> **Exercise prompt**: Leave out the pictures, and retype the remaining data exactly.

> **Stored data**:
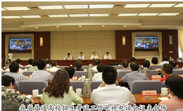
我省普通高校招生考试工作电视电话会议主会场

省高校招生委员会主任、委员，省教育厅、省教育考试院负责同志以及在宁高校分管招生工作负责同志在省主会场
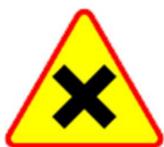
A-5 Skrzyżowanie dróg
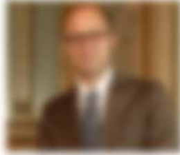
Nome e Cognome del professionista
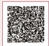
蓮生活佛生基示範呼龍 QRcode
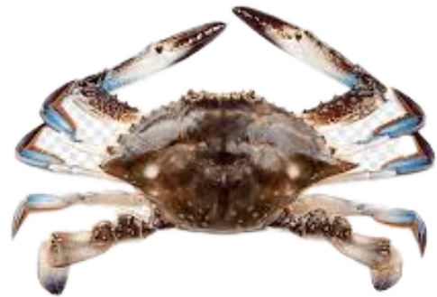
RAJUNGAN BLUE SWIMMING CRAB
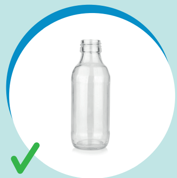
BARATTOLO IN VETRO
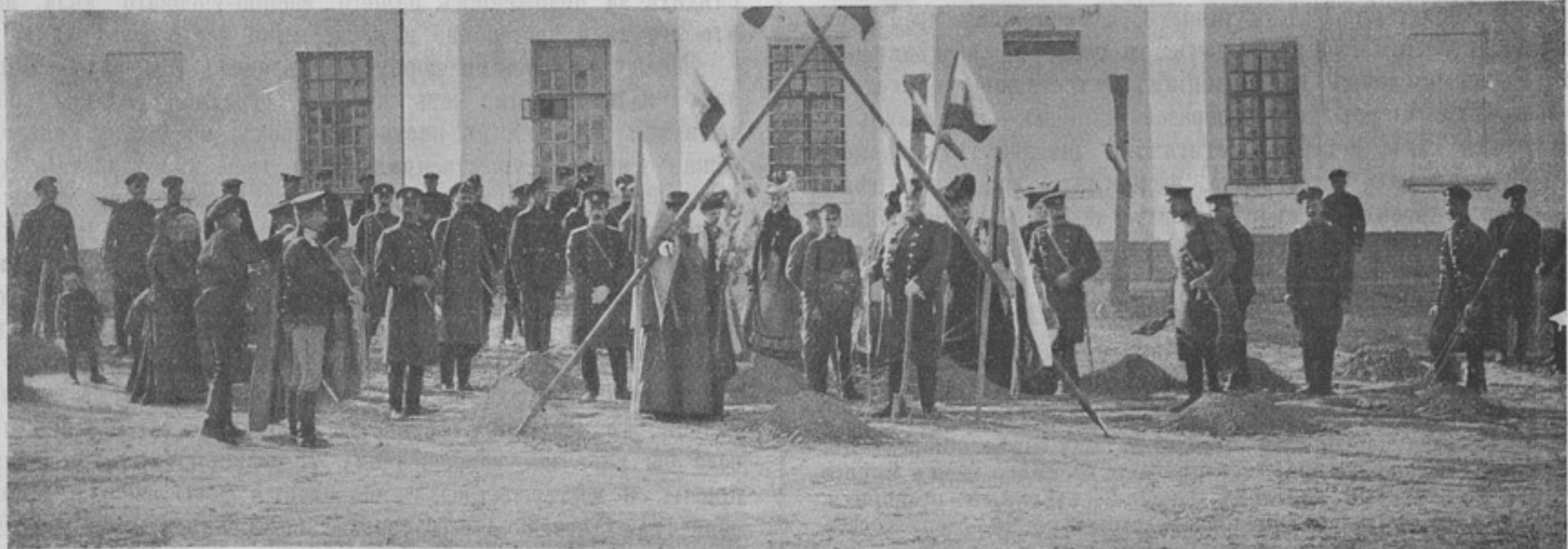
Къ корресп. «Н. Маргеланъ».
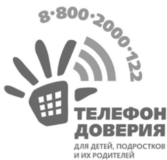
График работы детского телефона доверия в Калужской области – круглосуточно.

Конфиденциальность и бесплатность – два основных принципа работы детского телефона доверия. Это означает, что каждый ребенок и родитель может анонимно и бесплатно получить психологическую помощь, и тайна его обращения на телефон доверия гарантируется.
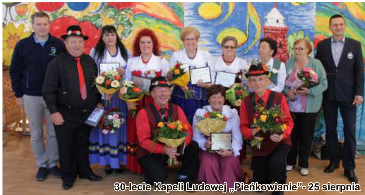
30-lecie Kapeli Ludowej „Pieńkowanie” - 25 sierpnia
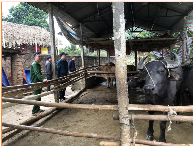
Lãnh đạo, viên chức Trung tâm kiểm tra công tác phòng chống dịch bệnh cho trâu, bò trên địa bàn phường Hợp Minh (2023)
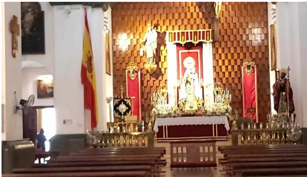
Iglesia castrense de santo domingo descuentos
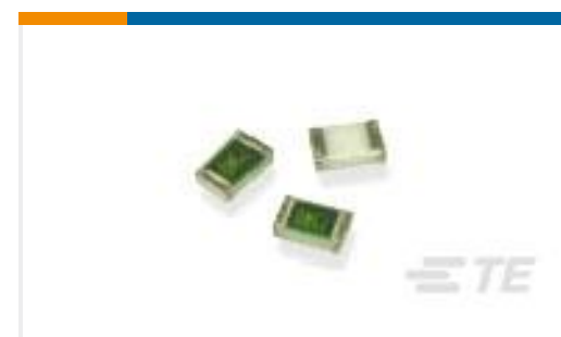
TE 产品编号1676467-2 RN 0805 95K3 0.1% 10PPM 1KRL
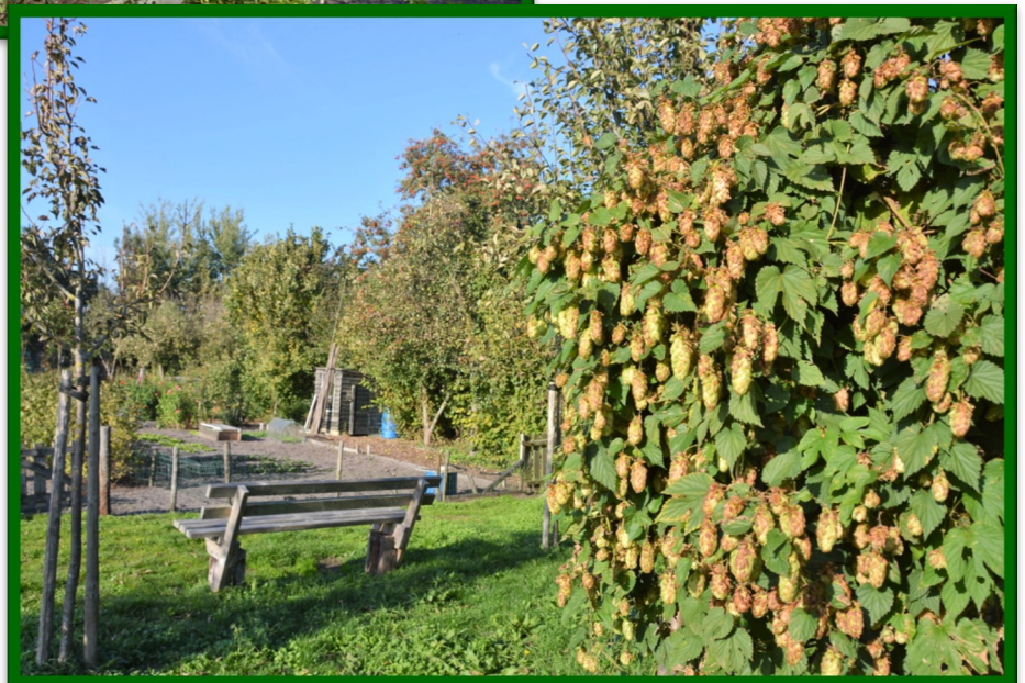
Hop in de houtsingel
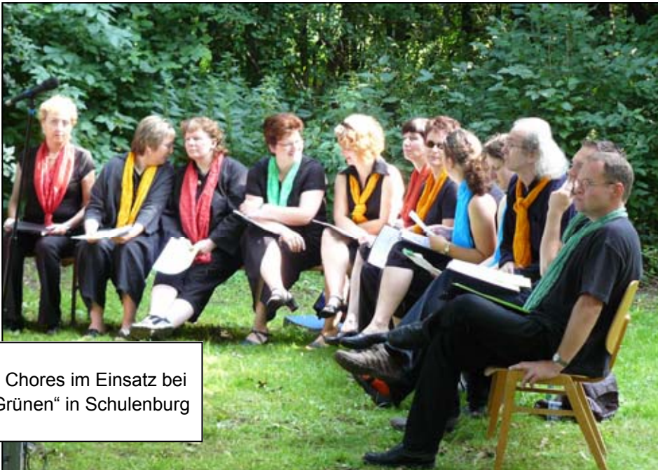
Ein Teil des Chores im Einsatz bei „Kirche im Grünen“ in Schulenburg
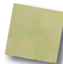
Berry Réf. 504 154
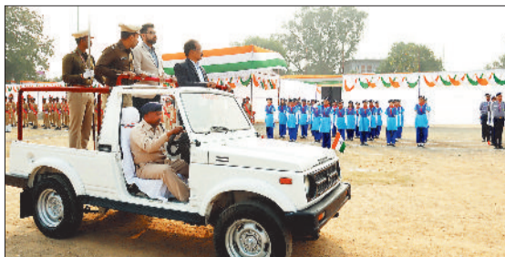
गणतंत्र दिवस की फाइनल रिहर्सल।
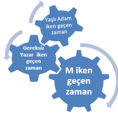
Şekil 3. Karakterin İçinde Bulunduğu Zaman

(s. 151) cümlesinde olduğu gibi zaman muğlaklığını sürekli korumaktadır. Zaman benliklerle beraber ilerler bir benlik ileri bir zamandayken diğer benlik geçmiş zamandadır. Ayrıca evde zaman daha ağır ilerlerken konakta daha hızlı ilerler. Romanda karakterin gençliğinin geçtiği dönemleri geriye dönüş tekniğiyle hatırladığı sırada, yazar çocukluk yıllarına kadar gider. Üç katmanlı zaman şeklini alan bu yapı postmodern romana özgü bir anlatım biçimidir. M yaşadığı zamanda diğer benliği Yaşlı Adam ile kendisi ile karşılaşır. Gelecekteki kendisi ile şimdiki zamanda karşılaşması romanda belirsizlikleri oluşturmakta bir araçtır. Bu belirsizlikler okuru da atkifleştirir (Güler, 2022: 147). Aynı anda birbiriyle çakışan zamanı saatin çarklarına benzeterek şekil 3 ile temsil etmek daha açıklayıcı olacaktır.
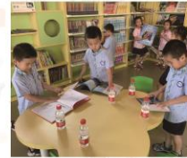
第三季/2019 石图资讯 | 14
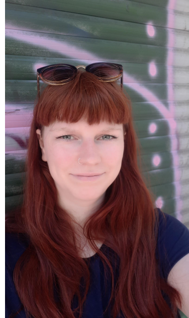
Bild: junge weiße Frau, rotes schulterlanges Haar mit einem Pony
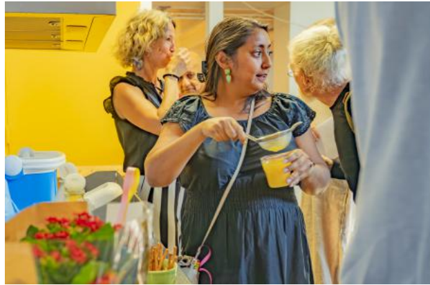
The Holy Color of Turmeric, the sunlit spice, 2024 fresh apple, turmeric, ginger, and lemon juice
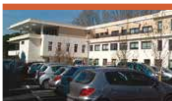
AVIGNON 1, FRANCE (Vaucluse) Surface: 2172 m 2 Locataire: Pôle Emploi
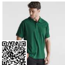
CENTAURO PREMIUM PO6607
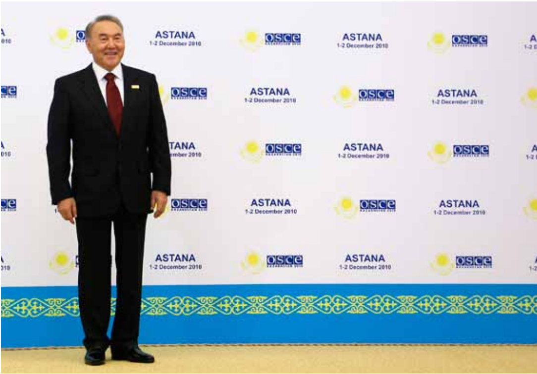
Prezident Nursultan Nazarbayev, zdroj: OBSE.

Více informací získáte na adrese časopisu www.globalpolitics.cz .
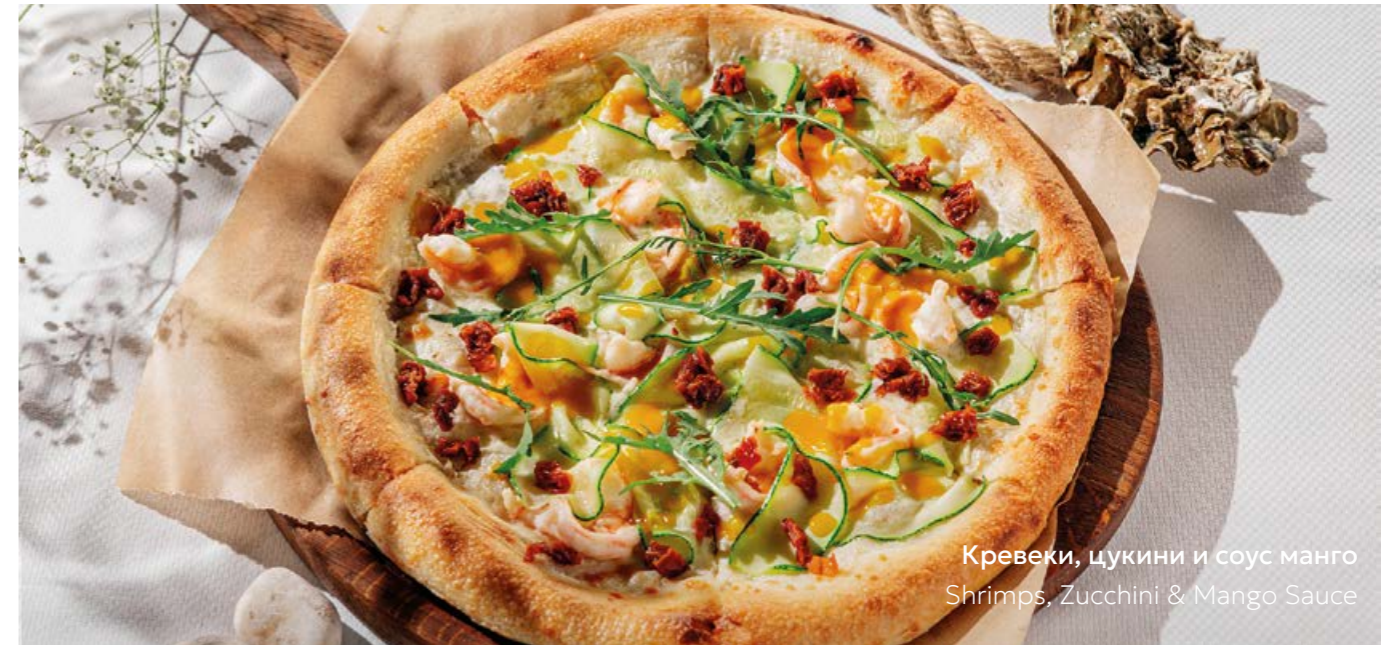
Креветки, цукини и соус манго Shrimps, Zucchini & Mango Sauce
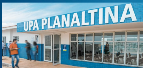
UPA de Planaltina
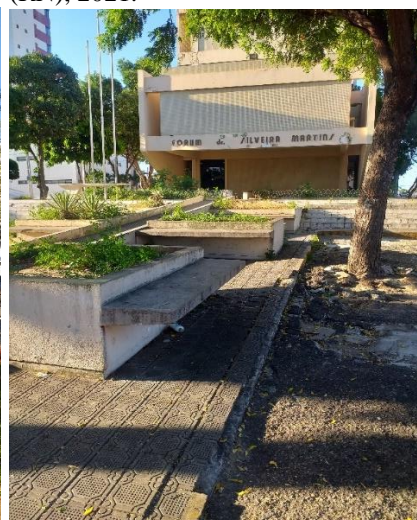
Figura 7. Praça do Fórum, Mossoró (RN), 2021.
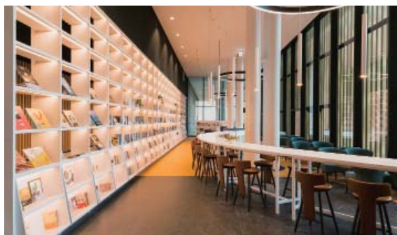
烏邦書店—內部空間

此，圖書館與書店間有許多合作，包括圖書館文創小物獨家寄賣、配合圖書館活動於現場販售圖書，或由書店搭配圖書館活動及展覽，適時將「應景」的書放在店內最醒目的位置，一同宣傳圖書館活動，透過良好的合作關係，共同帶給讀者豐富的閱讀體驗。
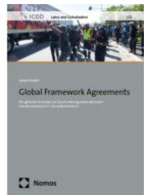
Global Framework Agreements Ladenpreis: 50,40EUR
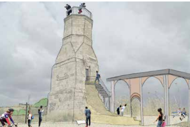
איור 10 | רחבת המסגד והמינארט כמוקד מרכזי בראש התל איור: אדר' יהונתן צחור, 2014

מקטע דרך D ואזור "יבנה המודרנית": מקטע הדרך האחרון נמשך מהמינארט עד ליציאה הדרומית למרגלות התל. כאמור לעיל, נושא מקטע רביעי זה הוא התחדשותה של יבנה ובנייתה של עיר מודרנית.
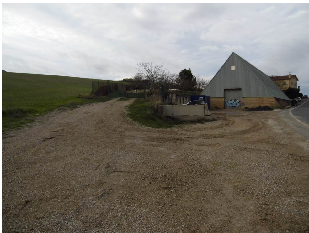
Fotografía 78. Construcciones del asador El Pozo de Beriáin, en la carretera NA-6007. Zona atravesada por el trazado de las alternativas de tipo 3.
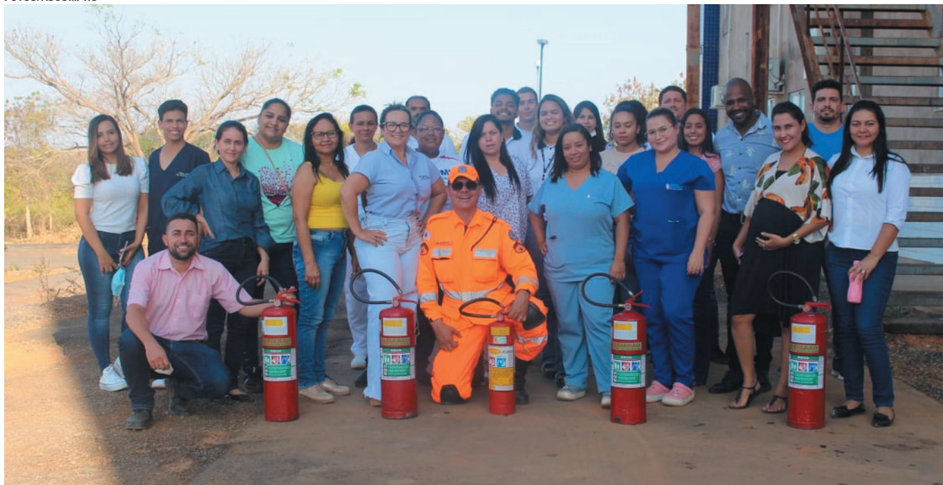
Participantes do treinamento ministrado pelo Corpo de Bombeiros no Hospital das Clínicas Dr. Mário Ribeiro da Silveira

> **Exercise solution**:
我省普通高校招生考试工作电视电话会议主会场

省高校招生委员会主任、委员，省教育厅、省教育考试院负责同志以及在宁高校分管招生工作负责同志在省主会场
A-5 Skrzyżowanie dróg
Nome e Cognome del professionista
蓮生活佛生基示範呼龍 QRcode
RAJUNGAN BLUE SWIMMING CRAB
BARATTOLO IN VETRO
Къ корресп. «Н. Маргеланъ».
График работы детского телефона доверия в Калужской области – круглосуточно.

Конфиденциальность и бесплатность – два основных принципа работы детского телефона доверия. Это означает, что каждый ребенок и родитель может анонимно и бесплатно получить психологическую помощь, и тайна его обращения на телефон доверия гарантируется.
30-lecie Kapeli Ludowej „Pieńkowanie” - 25 sierpnia
Lãnh đạo, viên chức Trung tâm kiểm tra công tác phòng chống dịch bệnh cho trâu, bò trên địa bàn phường Hợp Minh (2023)
Iglesia castrense de santo domingo descuentos
TE 产品编号1676467-2 RN 0805 95K3 0.1% 10PPM 1KRL
Hop in de houtsingel
Ein Teil des Chores im Einsatz bei „Kirche im Grünen“ in Schulenburg
Berry Réf. 504 154
गणतंत्र दिवस की फाइनल रिहर्सल।
Şekil 3. Karakterin İçinde Bulunduğu Zaman

(s. 151) cümlesinde olduğu gibi zaman muğlaklığını sürekli korumaktadır. Zaman benliklerle beraber ilerler bir benlik ileri bir zamandayken diğer benlik geçmiş zamandadır. Ayrıca evde zaman daha ağır ilerlerken konakta daha hızlı ilerler. Romanda karakterin gençliğinin geçtiği dönemleri geriye dönüş tekniğiyle hatırladığı sırada, yazar çocukluk yıllarına kadar gider. Üç katmanlı zaman şeklini alan bu yapı postmodern romana özgü bir anlatım biçimidir. M yaşadığı zamanda diğer benliği Yaşlı Adam ile kendisi ile karşılaşır. Gelecekteki kendisi ile şimdiki zamanda karşılaşması romanda belirsizlikleri oluşturmakta bir araçtır. Bu belirsizlikler okuru da atkifleştirir (Güler, 2022: 147). Aynı anda birbiriyle çakışan zamanı saatin çarklarına benzeterek şekil 3 ile temsil etmek daha açıklayıcı olacaktır.
第三季/2019 石图资讯 | 14
Bild: junge weiße Frau, rotes schulterlanges Haar mit einem Pony
The Holy Color of Turmeric, the sunlit spice, 2024 fresh apple, turmeric, ginger, and lemon juice
AVIGNON 1, FRANCE (Vaucluse) Surface: 2172 m 2 Locataire: Pôle Emploi
CENTAURO PREMIUM PO6607
Prezident Nursultan Nazarbayev, zdroj: OBSE.

Více informací získáte na adrese časopisu www.globalpolitics.cz .
Креветки, цукини и соус манго Shrimps, Zucchini & Mango Sauce
UPA de Planaltina
Figura 7. Praça do Fórum, Mossoró (RN), 2021.
烏邦書店—內部空間

此，圖書館與書店間有許多合作，包括圖書館文創小物獨家寄賣、配合圖書館活動於現場販售圖書，或由書店搭配圖書館活動及展覽，適時將「應景」的書放在店內最醒目的位置，一同宣傳圖書館活動，透過良好的合作關係，共同帶給讀者豐富的閱讀體驗。
Global Framework Agreements Ladenpreis: 50,40EUR
איור 10 | רחבת המסגד והמינארט כמוקד מרכזי בראש התל איור: אדר' יהונתן צחור, 2014

מקטע דרך D ואזור "יבנה המודרנית": מקטע הדרך האחרון נמשך מהמינארט עד ליציאה הדרומית למרגלות התל. כאמור לעיל, נושא מקטע רביעי זה הוא התחדשותה של יבנה ובנייתה של עיר מודרנית.
Fotografía 78. Construcciones del asador El Pozo de Beriáin, en la carretera NA-6007. Zona atravesada por el trazado de las alternativas de tipo 3.
Participantes do treinamento ministrado pelo Corpo de Bombeiros no Hospital das Clínicas Dr. Mário Ribeiro da Silveira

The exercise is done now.